Directions. Your task is to copy the lines from the line containing "Figure 2. Unregistered" through the end of the listing below, both included, without any pictures.

** Opening Records to use block **

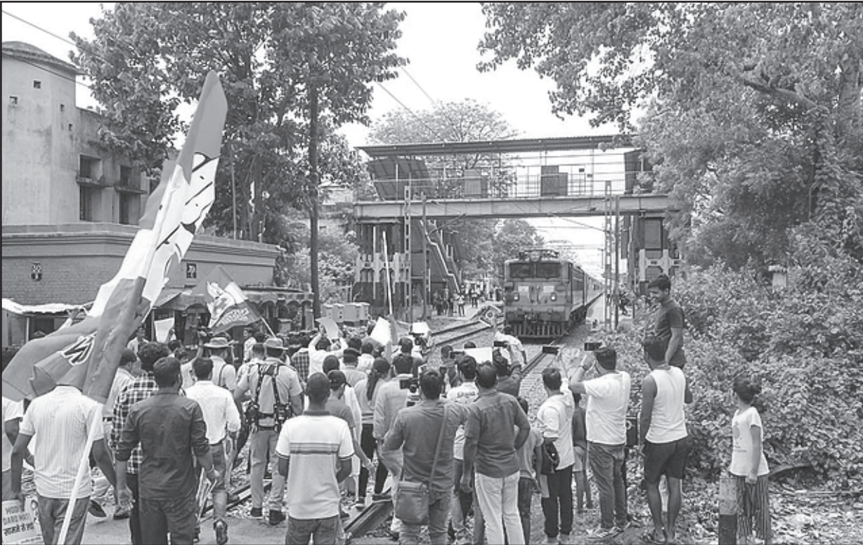
Indian Youth Congress (IYC) activists hold placards during ‘Rail Roko’ protest over the Enforcement Directorate's (ED) chargesheet against Sonia Gandhi and Rahul Gandhi in the National Herald case, in Patna on Friday.

Dhankhar said, “The judges who have issued an order to the President and presented a scenario, it will be the law of the land. The judiciary has forgotten the power of the Constitution.” He said Article 145(3) needs to be amended. (Decisions by) five out of eight judges would mean that the interpretation would be by a majority. “Article 142 has become a nuclear missile against democratic forces, which is available to the judiciary 24x7.”
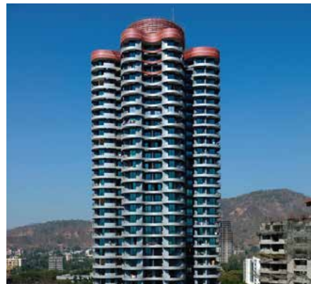
Actual Photo 2013
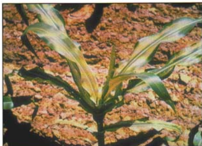
Figure 13. Zinc-deficient corn. Yellow or white striping of the leaves usually developing near the stalk. Plants are often stunted with shortened internodes. Found most often on high pH soils and organic soils.

High soil phosphorus levels have been known to induce zinc deficiency, especially in responsive crops (see Figure 17). For years, the cause of this interaction was suspected to be the formation of an insoluble zinc phosphate, which reduced the concentration of zinc in the soil solution to deficiency levels. Zinc phosphate has since been shown to be soluble in soil and is an acceptable source of zinc when finely ground. High levels of phosphorus in plants have been shown to
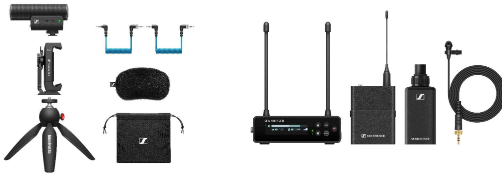
Global NAB promotion for the MKE 400, MKE 400 Mobile Kit (pictured, left) and all EW-DP UHF wireless microphone systems (pictured is the EW-DP ENG SET, right)

Promotional pricing commences Monday, April 15 th and will run through Sunday, May 19 th , 2024. Standard pricing will be back in effect on Monday, May 20 th , 2024.
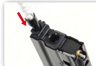
04 Load BB pellets
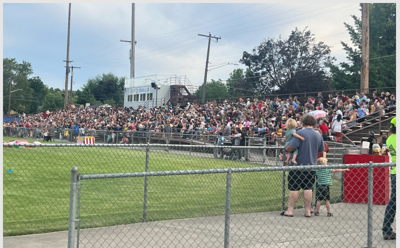
Two nights of sell-out crowds attend the Calam Shrine Circus at Bengal Field.
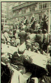
MAGNETIC RECORDS stars Matchbox was a feature of the longest street party of the royal wedding, to celebrate 'Love's Made A Fool Of You' charting. The band is seen playing outside Selfridges in Oxford Street, London, to hundreds of fans.
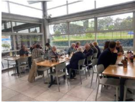
Some of the crew dining.

Once the meals started to roll out the conversations slowed a little as we all managed to put away the variety of food and cakes that were on offer.
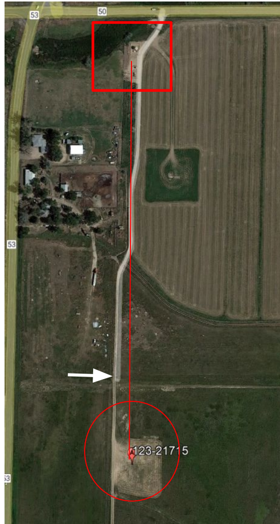
Photo 1. Google Earth aerial imagery taken 7/2019 during active operations. Photo illustrates the well location (red circle), tank battery (red rectangle), access road (white arrow), and approximate flowlines (red line).
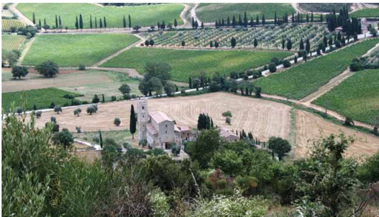
Picture 28 - Vineyards and olive groves around Sant'Antimo Abbey in val d'Orcia
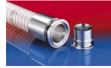
CONNECT PRESS ASSEMBLY 232
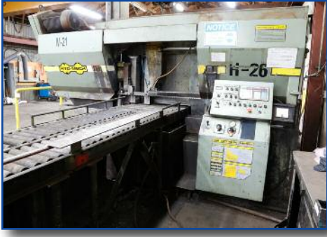
HYD-MECH H-26 AUTO. BAND SAW
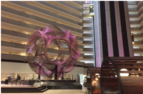
Hyatt Regency San Fransisco
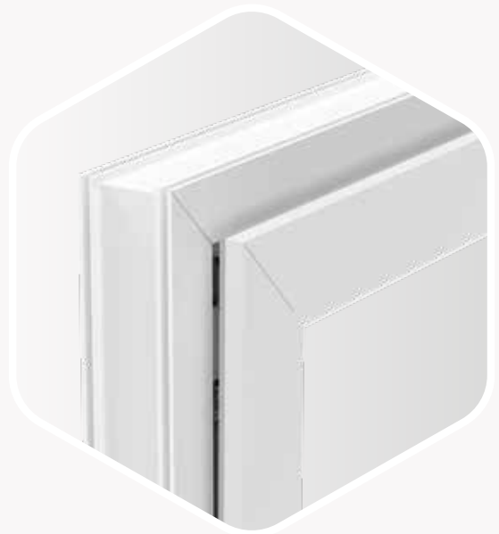
Window with night vent
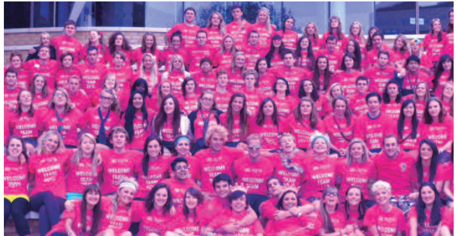
The Peace Makers – the 200 strong freshers welcome team

A bin audit has been completed in the key student streets in St James ensuring that the
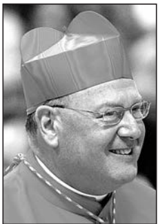
Cardinal Timothy M. Dolan
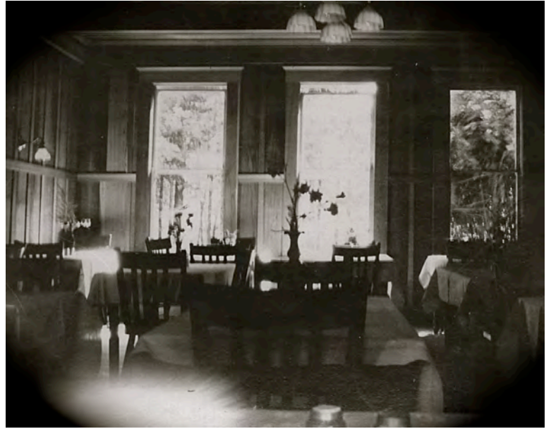
Villa Grande Hotel Dining Room in Days Gone By

The old Hotel is at 21849 East Street, Villa Grande. To purchase tickets or make a donation, go to: http://villagrande.org/winterdinner or call Roberto at (707) 865-9558.
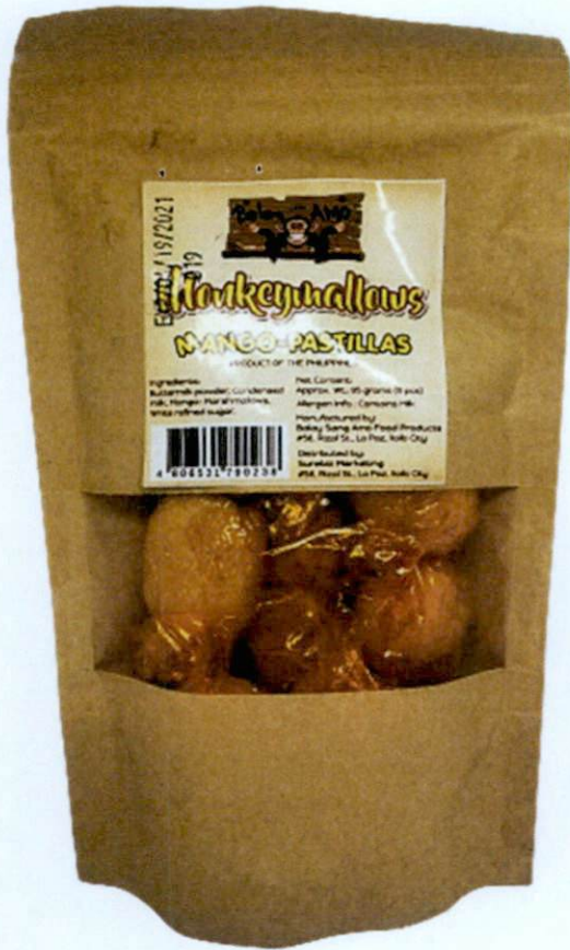
Figure 2. Unregistered MONKEYMALLOWS Mango-Pastillas
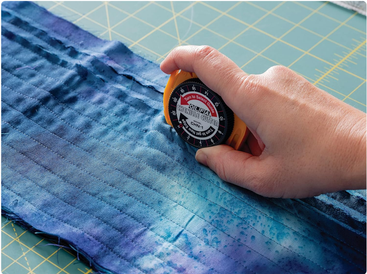
Image: The OLFA Chenille Cutter in action, demonstrating how to guide the tool along sewn channels to create chenille.

** Closing Records to use block **

Written response.
Figure 2. Unregistered MONKEYMALLOWS Mango-Pastillas
Image: The OLFA Chenille Cutter in action, demonstrating how to guide the tool along sewn channels to create chenille.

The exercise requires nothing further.